I'm a huge Beatles and Apple Computer fan. Jobs has been said to like the Beatles so much that Apple Computer is a tribute. What does Apple Corps stand to gain from winning this case? Money obviously. They have no real business interest in seeing the iTMS shut down. If Apple Corps won the suit, they would have probably been given a significant award (nothing that would break Apple Computer's bank). Enough is enough. Apple Corps is better served by teaming with Apple computer and putting the Beatles catalouge on iTMS. Why not at this point? They can also claim that the Beatles influence is so strong to this date that all of the innovative products Apple Computer makes were inspired in part by the Beatles, and their own creative spirit. Alot of people want to see the Beatles on iTunes, which would open up a revenue source for Apple corps to repay the legal fees from this case, and then make some profit afterward.

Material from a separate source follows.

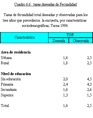 de Tacna sería de 1.6 hijos en promedio por mujer, si todos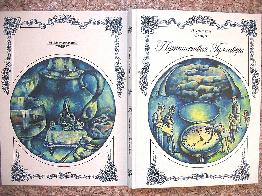 Книга была цветная. Это первая моя цветная книга. Рисунки к Свифту нельзя написать, их надо лепить цветом. Поскольку книга эта — не книга-состояние, а книга-форма. Макет я пробовал решить как непрерывный, где рисунки связаны не текстом, а напрямую друг с другом, как ручеек, от начала до конца. Получилось это, по-моему, слабо — этот ручеек.

The Apple Computer vs. Apple Corps case sets no legal precedent whatsoever. Justice Mann went to great lengths to limit his decision specifically to the 1991 agreement entered into by the two companies in which Apple Computer *PAID* Apple Corps for a settlement that a) specifically spelled out the respective non-infringing uses of each company's marks and b) specifically granted Apple Computer, per the agreement, the right to sell data that could reproduce sound and music.
Apple Corps is trying to manuever away from that agreement, as they now realize they probably gave away too much. That said, in 1991, Apple's interest was in protecting QuickTime's ability to reproduce sound and music, and Apple's lawyers were just smart enough to word a better deal.
If Apple Corps didn't INTEND to sign such an agreement granting Apple Computer such specific rights, the simplest answer would have been for them to simply NOT SIGN the 1991 agreement. Trying to wriggle out of that contract (for which they were paid a significant sum) is just silly at this point.